So far we’ve talked about the hardware, and having finally explained the hardware basis of segmented memory we can begin to understand the role software plays, and how software allocates memory among the two segments.
From a low-level perspective, video memory management under Windows is the domain of the combination of the operating system and the video drivers. Strictly speaking Windows controls video memory management – this being one of the big changes of Windows Vista and the Windows Display Driver Model – while the video drivers get a significant amount of input in hinting at how things should be laid out.
Meanwhile from an application’s perspective all video memory and its address space is virtual. This means that applications are writing to their own private space, blissfully unaware of what else is in video memory and where it may be, or for that matter where in memory (or even which memory) they are writing. As a result of this memory virtualization it falls to the OS and video drivers to decide where in physical VRAM to allocate memory requests, and for the GTX 970 in particular, whether to put a request in the 3.5GB segment, the 512MB segment, or in the worst case scenario system memory over PCIe.
Virtual Address Space (Image Courtesy Dysprosia)

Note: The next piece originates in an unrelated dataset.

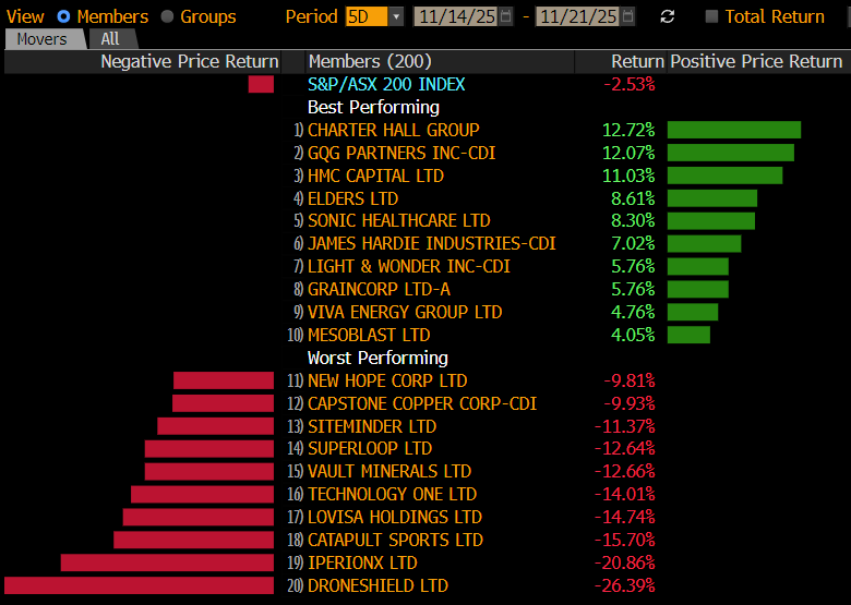 • Seek (SEK) +0.7% held their AGM today, with job ad volumes in line, reaffirming FY26 profit guidance and announcing CAR Group (CAR) +1.6% founder Greg Roebuck will replace Graham Goldsmith as chairman next year.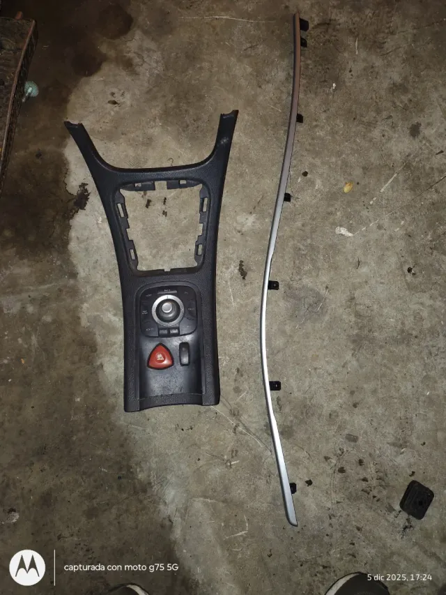 Piezas de despiece de consola central y moldura. - Consola central con botones. - Moldura decorativa plateada.

Without going quite so far to rehash the entire theory of memory management and caching, the goal of memory management in the case of the GTX 970 is to allocate resources over the entire 4GB of VRAM such that high-priority items end up in the fast segment and low-priority items end up in the slow segment. To do this NVIDIA focuses up to the first 3.5GB of memory allocations on the faster 3.5GB segment, and then finally for memory allocations beyond 3.5GB they turn to the 512MB segment, as there’s no benefit to using the slower segment so long as there’s available space in the faster segment.

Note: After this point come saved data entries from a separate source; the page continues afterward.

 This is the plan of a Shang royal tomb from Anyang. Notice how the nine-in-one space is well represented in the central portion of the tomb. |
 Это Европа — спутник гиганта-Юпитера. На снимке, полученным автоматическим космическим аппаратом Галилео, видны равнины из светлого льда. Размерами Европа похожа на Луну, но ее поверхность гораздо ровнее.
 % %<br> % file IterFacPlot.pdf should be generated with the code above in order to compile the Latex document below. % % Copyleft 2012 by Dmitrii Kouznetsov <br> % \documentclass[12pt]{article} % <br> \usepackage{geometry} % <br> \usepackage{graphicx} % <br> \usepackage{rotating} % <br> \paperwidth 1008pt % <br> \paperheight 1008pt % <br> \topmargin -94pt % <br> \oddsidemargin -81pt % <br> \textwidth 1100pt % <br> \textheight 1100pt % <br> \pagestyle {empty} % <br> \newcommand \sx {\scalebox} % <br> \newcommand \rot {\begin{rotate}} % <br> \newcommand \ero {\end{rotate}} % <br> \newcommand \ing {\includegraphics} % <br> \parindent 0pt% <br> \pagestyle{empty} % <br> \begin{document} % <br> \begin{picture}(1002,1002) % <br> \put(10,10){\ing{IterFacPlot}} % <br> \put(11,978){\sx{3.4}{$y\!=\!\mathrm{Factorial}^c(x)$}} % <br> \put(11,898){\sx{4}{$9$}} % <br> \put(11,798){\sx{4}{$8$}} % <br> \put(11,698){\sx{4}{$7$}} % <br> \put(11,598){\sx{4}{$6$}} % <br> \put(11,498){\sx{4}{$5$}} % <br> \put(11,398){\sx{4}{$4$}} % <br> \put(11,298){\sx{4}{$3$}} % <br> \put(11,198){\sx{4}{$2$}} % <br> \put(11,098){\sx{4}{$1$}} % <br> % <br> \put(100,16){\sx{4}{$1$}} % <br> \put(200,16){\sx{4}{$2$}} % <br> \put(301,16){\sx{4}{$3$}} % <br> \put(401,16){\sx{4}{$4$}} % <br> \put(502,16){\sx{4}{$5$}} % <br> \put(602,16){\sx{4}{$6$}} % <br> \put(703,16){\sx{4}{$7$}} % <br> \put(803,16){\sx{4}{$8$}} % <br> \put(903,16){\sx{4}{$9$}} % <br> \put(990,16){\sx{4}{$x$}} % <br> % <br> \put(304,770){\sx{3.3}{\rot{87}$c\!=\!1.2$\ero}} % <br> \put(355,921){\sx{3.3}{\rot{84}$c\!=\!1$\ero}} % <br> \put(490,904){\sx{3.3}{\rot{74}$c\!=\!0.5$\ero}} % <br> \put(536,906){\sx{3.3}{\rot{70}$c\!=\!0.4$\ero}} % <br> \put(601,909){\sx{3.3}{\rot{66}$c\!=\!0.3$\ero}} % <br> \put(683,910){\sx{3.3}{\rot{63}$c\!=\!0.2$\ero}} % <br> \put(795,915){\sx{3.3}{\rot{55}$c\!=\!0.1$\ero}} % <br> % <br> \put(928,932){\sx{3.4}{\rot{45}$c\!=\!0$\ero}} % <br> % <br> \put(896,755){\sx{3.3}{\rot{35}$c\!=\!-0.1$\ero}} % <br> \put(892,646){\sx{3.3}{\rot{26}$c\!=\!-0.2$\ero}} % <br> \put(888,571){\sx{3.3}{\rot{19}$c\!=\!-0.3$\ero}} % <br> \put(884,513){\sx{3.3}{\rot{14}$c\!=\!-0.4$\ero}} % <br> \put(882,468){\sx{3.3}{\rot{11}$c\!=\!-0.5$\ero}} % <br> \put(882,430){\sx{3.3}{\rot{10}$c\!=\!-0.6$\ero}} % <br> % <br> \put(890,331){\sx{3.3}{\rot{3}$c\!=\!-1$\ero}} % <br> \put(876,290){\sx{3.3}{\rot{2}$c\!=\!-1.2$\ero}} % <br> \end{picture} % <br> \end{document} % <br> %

The complex part of this process occurs once both memory segments are in use, at which point NVIDIA’s heuristics come into play to try to best determine which resources to allocate to which segments. How NVIDIA does this is very much a “secret sauce” scenario for the company, but from a high level identifying the type of resource and when it was last used are good ways to figure out where to send a resource. Frame buffers, render targets, UAVs, and other intermediate buffers for example are the last thing you want to send to the slow segment; meanwhile textures, resources not in active use (e.g. cached), and resources belonging to inactive applications would be great candidates to send off to the slower segment. The way NVIDIA describes the process we suspect there are even per-application optimizations in use, though NVIDIA can clearly handle generic cases as well.

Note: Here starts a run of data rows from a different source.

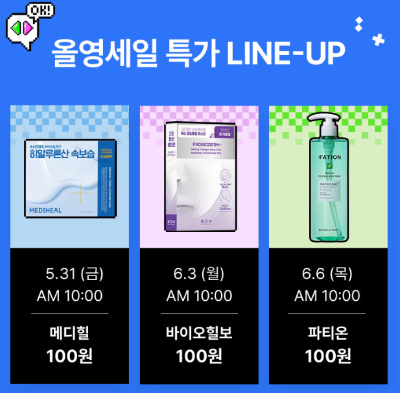 24년 5월 31일부터 24년 6월 6일 목요일까지 진행되는 이번 할인행사에는 올리브영 추천 화장품 100개를 최대 70% 할인된 금액으로 만나보실 수 있습니다. 세일 기간 동안 특가 제품을 놓치지 마세요.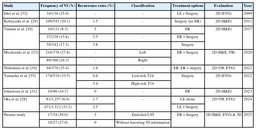 In recent years, the examination of VI in CRCs has attracted considerable interest, especially regarding its effects on disease progression and patient outcomes. Table 5 summarizes that several prior studies have shown varying prevalence of VI, exhibiting significant discrepancies in recurrence rates and diagnostic criteria. The previous studies indicated up to 20% of VI in pT1 CRCs [29-31]. The incidence of VI detected by 2D H&E staining in the present study was 26.5% (9/34), which is comparable to the previous studies. The incidence of VI was higher when assessed using surgical resection specimens compared to EMR or ESD specimens in the previous study. These data may suggest varying inclusion criteria for the high risk of recurrence in surgical resection specimens.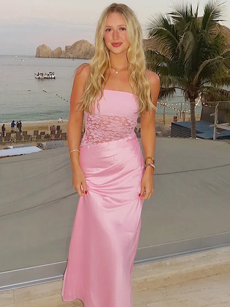 Lace Splice Strapless Dress For Women Hollow Sexy Sleeveless Backless Dress Pleated Elegant Slim Beach Vacation Dress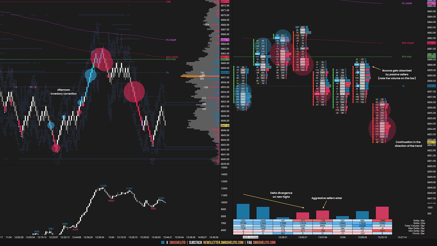 In the RTH session, sellers immediately took control of the auction, ending the daily one-time framing up as they took out Friday’s low during the initial balance. When C-period then struggled to reclaim the Smashlevel at 6868, continued weakness became the expectation—and that’s ultimately what played out. The market was one-time framing down intraday for six straight periods, which is characteristic of a trending environment. In such conditions, it’s common to see a counter-trend move develop in the afternoon session—essentially an inventory correction. These counter-trend moves often present good opportunities to reload shorts, as inexperienced traders tend to misinterpret them as signs of stronger buyers, when in reality they are frequently just inventory corrections. The G-period saw a short-covering bounce that was sold a couple of handles short of 6868 (see Figure 1). Following this, a new intraday low printed, but buyers managed to trigger a bounce into the close.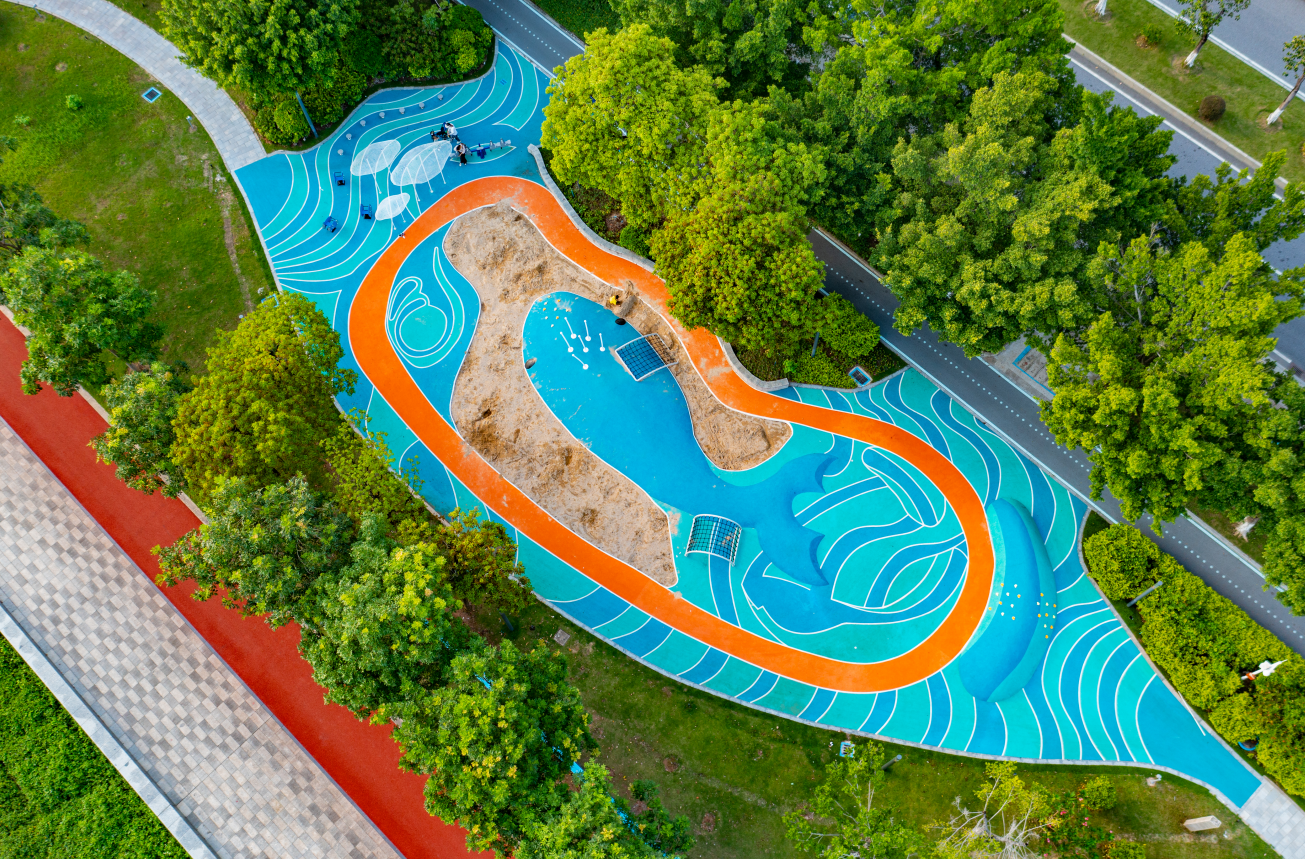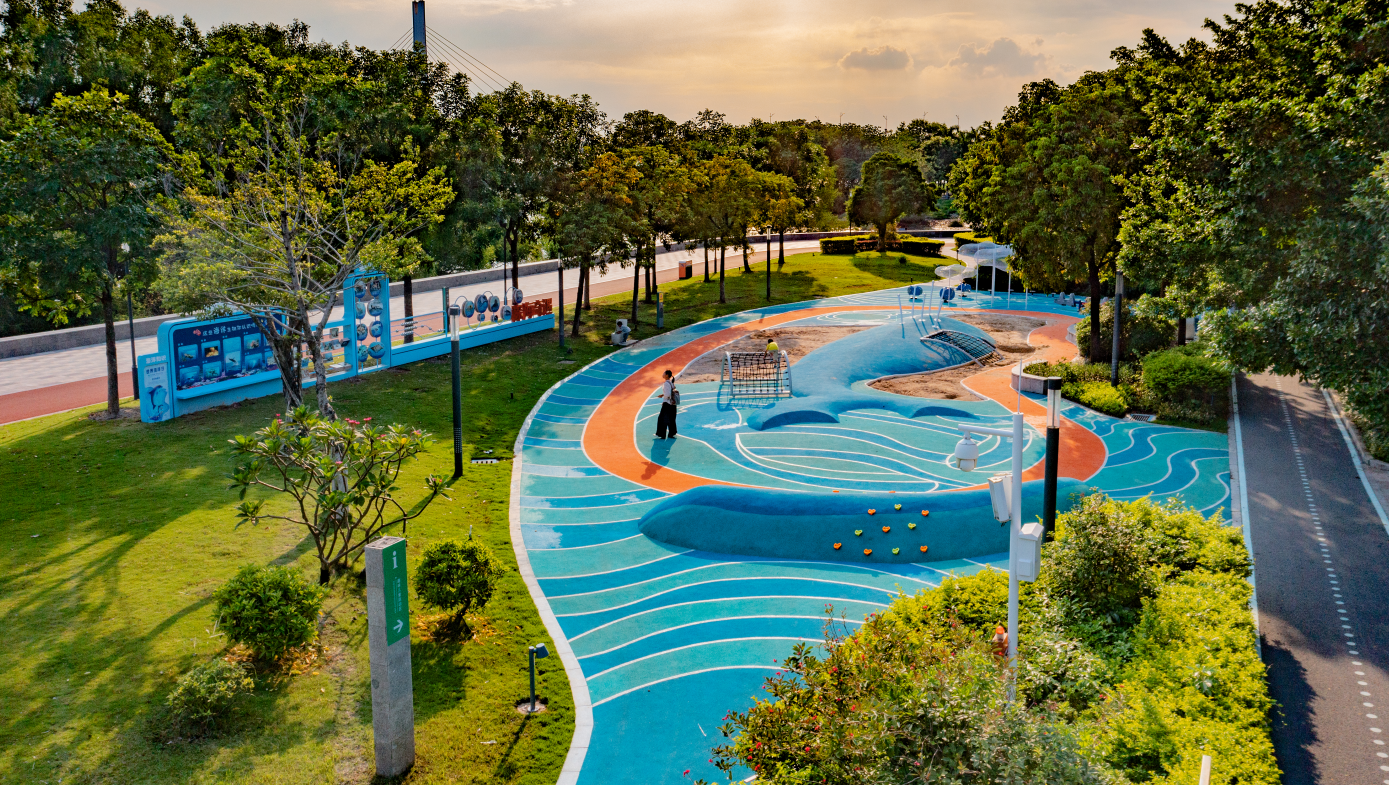 儿童海洋奇遇乐园是南沙体育馆周边环境提升工程的重要内容之一,以南沙海洋文化元素为起点,提取“沙滩、水流、鱼跃”等元素,围绕健康成长、探索互动、自然体验等功能,将原先功能相对单一的场地,打造成集趣味、科普、安全于一体的儿童游乐胜地。

From an API perspective this is applicable towards both graphics and compute, though it’s a safe bet that graphics is the more easily and accurately handled of the two thanks to the rigid nature of graphics rendering. Direct3D, OpenGL, CUDA, and OpenCL all see and have access to the full 4GB of memory available on the GTX 970, and from the perspective of the applications using these APIs the 4GB of memory is identical, the segments being abstracted. This is also why applications attempting to benchmark the memory in a piecemeal fashion will not find slow memory areas until the end of their run, as their earlier allocations will be in the fast segment and only finally spill over to the slow segment once the fast segment is full.
GeForce GTX 970 Addressable VRAM | |||
API | Memory | ||
Direct3D | 4GB | ||
OpenGL | 4GB | ||
CUDA | 4GB | ||
OpenCL | 4GB |
The one remaining unknown element here (and something NVIDIA is still investigating) is why some users have been seeing total VRAM allocation top out at 3.5GB on a GTX 970, but go to 4GB on a GTX 980. Again from a high-level perspective all of this segmentation is abstracted, so games should not be aware of what’s going on under the hood.
Overall then the role of software in memory allocation is relatively straightforward since it’s layered on top of the segments. Applications have access to the full 4GB, and due to the fact that application memory space is virtualized the existence and usage of the memory segments is abstracted from the application, with the physical memory allocation handled by the OS and driver. Only after 3.5GB is requested – enough to fill the entire 3.5GB segment – does the 512MB segment get used, at which point NVIDIA attempts to place the least sensitive/important data in the slower segment.